THE Meng Shiang coffee shop in Taman Yulek, Cheras is synonymous with char siew which is second to none.

As a matter of fact, ‘Second to none’ was the motto of my old scout troop in Victoria Institution, Kuala Lumpur and to nail it in Bernard Teo, my old scout leader, recommended the wantan mee stall at this coffee shop.

Teo told me the stall has been his favourite and each time he comes home from Singapore (where he is currently based), my friend would spend some ‘quality time’ at the coffee shop.

Even Datuk Bob Lew, my ex-school mate, conceded it was the best.

Lew, a resident of Cheras, well-versed with the hawker food there, took me to the coffee shop with a few of his boy scouts recently.

But my trip to Meng Shiang was not a maiden one.

Some years ago, my ex-colleagues Lee Hon Yew and Chai Kian Chong showed the way and convinced me the best char siew on earth can be found at this corner coffee shop.

My benchmark for comparison is Yoke Woo Hing restaurant in Petaling Street.

8BBFF9DB9F9E464FBC73E400AC81E7E9For early birds:A worker making preparations at the Meng Shiang’s wantan mee stall.

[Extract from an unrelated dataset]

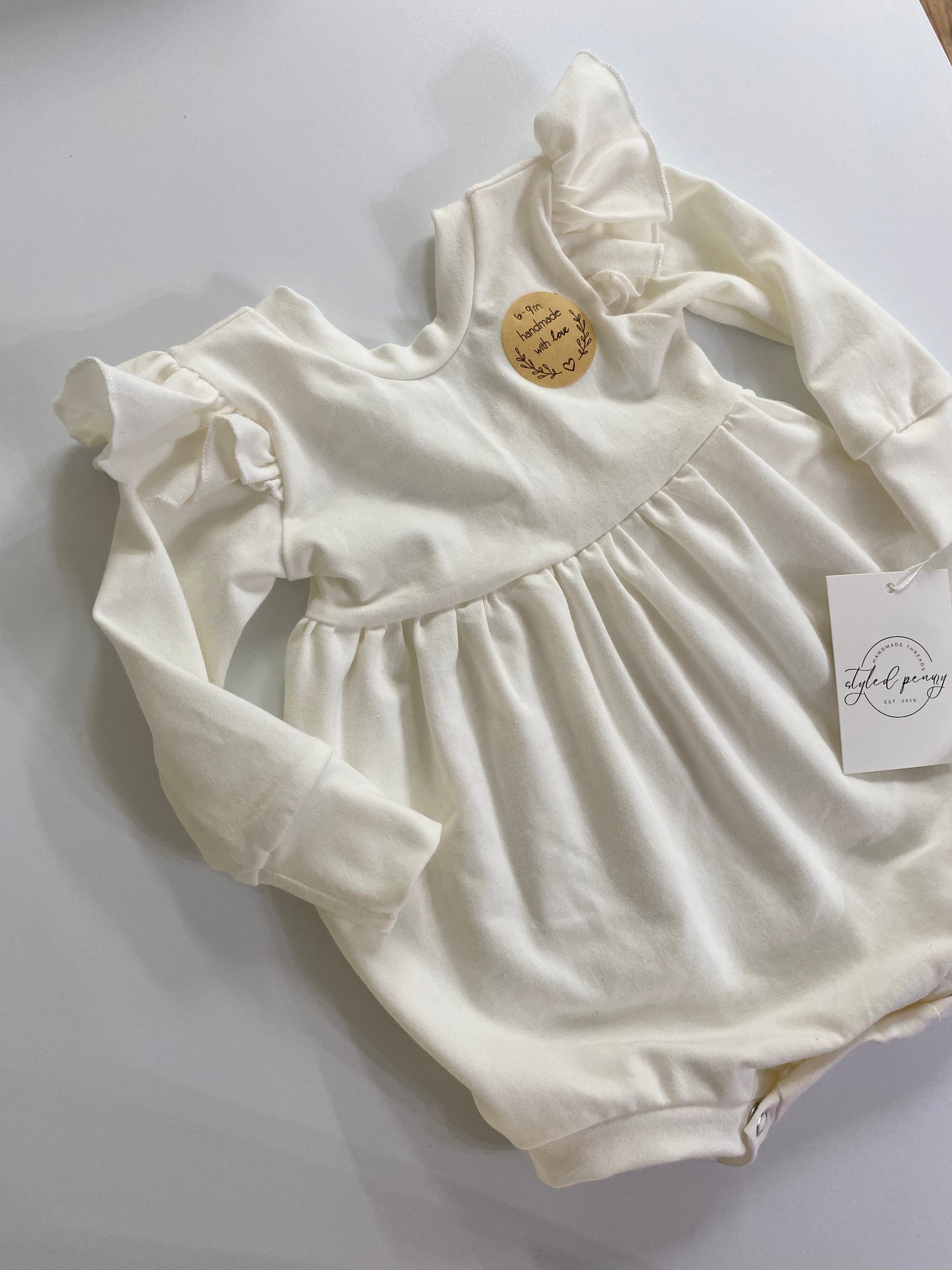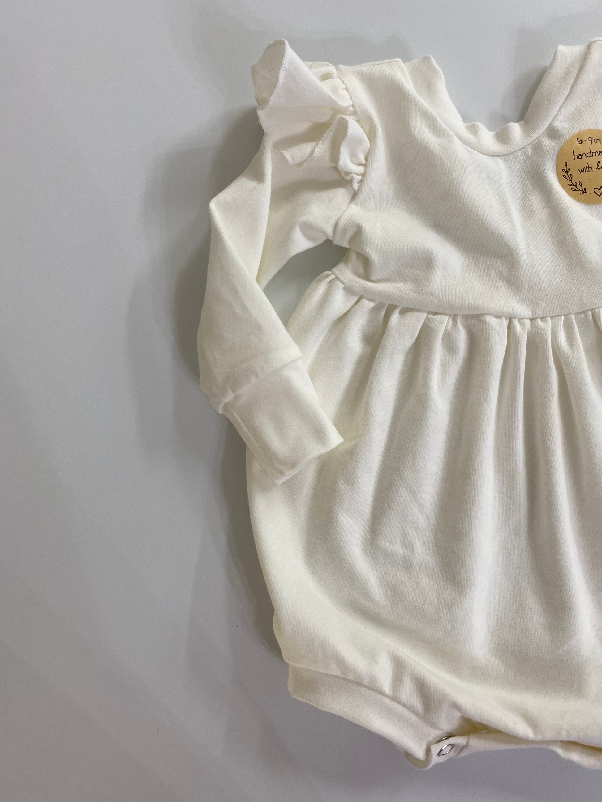Handmade from a light weight cotton spandex jersey. Scoop neck back. Snap closure for diaper changes.
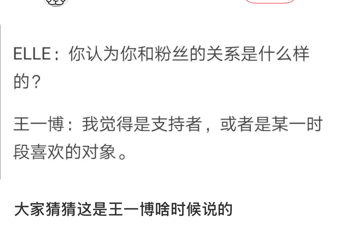 粉丝是什么?王一博:我觉得是支持者,或者某一时段喜欢的对象。这是19年3月还没大火的时候说的,那时候他就已经是人间清醒了。可是ibo一直喜欢他,喜欢了七年了。

But since the standard there had taken a plunge, I concur Meng Shiang’s wantan mee stall has plenty to offer.

I ordered a large plate of Wantan-Char Siew noodles. At RM6.50 a plate I could hardly complain.

When I bit into the meat — crispy on its outer crust — and it melted in my mouth, I started believing the hype.

This was the hallmark of a good char siew dish.

Apart from char siew, the stall also serves siew phai kuat (barbequeued pork ribs), which are a rare treat nowadays.

Not many hawkers can produce premium-grade char siew that is tasty and tender.

Now, if you decide to makan here, let me remind you the stall opens at 8.30am and the wantan is sold out by noon.

For you gearheads out there, the lat-long coordinates for Meng Shiang coffee shop are: N 03 05 984, E 101 44 475.